Wednesday, June 29, 2016

The Geography of Thought by Richard E. Nisbett

The Geography of Thought
How Asians and Westerners Think Differently…and Why
Richard E. Nisbett
Free Press
Published by Simon & Schuster New York
$15.99 
$12.19 from Amazon: http://amzn.to/28ZUfe9


As someone who's been a gamer master and tinkered with writing, the idea of HOW people think and what makes them think that way fascinates me. When I heard of the Geography of Thought, I figured “Hey, now I can know why that dude from Legend of the Five Rings thinks differently than that Paladin in 5th edition D&D.”

Let me start by saying that I don’t know if I agree with everything that Richard E. Nisbett puts forward. And that’s okay because he makes a lot of allowances. He points out that NOT everyone in the different regions thinks this way. He points out that “Asians” is a huge umbrella and that there are differences within that vast branch, just as there are with Westerners.

Nisbett also points out that things are changing more and more as the world continues to become flat. As more cultures cross pollinate, there are more and more examples of each one’s thinking on the other side.

To get the ball rolling, chapter one, The Syllogism and the Tao, breaks down some of the historical roots as follows:

Westerners: “The Greeks, more than any other ancient peoples, and in fact more tha most people on the planet today, had a remarkable sense of personal agency – the sense that they were in charge of their own lives and free to act as they chose.”

Asians: “The Chinese counterpart to Greek agency was harmony. Every Chinese was first and foremost a member of a collective, or rather of several collectives – the clan, the village, and especially the family. The individual was not, as for the Greeks, an encapsulated unit who maintained a unique identify across social settings. “

Nisbett goes into several more differences and his thinking as to why those are vital to understanding and he tries to make his case for it with illustrations, examples, modern testing, and other fun bits over the course of the next few chapters.
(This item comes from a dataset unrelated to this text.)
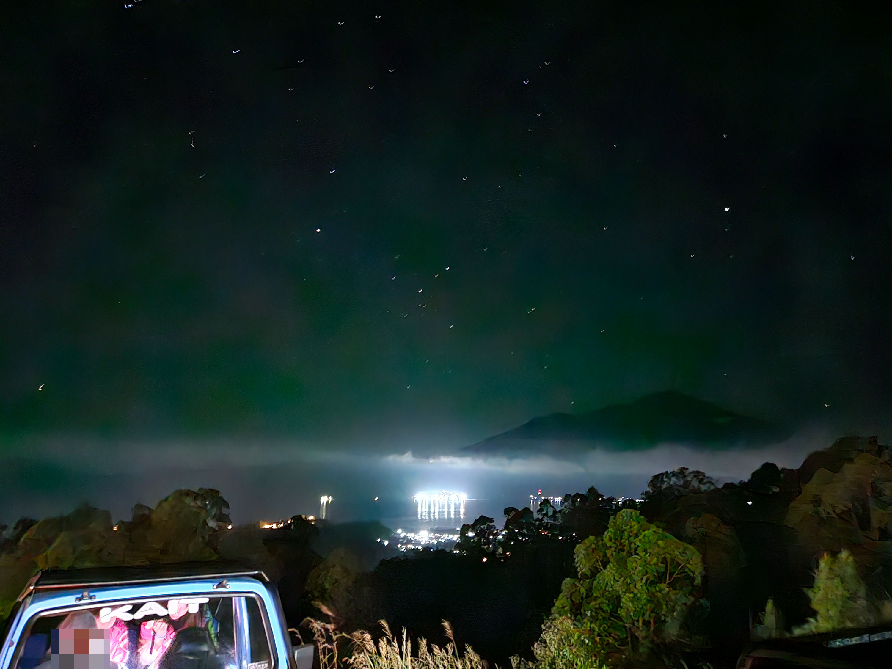 지프를 타고 경사진 산을 올라가는데 찍은 사진입니다. 엄청 많은 별들을 볼 수 있었어요. (별다른 장치 없이 흔들리는 차에서 이런 사진이 나오다니.. 갤럭시 대단해...😍)
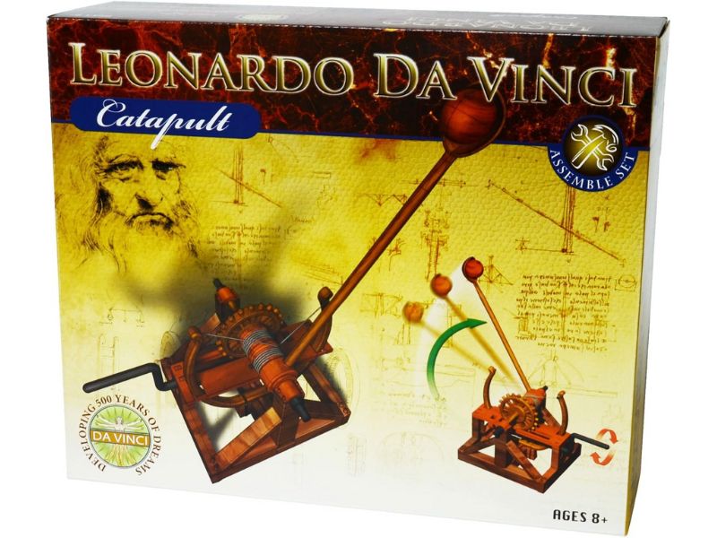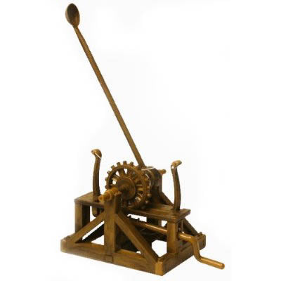 Leonardo da Vinci improved upon the alreadyestablished catapult design when he introduced his own vision of the ageold military launching device. This design uses a double leaf spring to produce a great deal of energy in order to propel stone projectiles or flammable materials over large distances. A hand crank on the side of the catapult was used to load the spring.

For example, comparing Greece and its city states, it’s maritime trading, it’s piracy, it’s connectivity to a greater world, it’s desire to prove something right, to China and it’s huge centrally located empire, it’s farming, it’s connectivity to itself, and its desire to compromise between two opposite.

The good news is that the book is written so that anyone should be able to understand it. The illustrations as testing are a quick way to see which path of thinking you may fall under. The ideas presented testable.

If you’re a fan of creating cultures, the Geography of Thought can force you to think about why those cultures act the way they do and what causes them to evolve.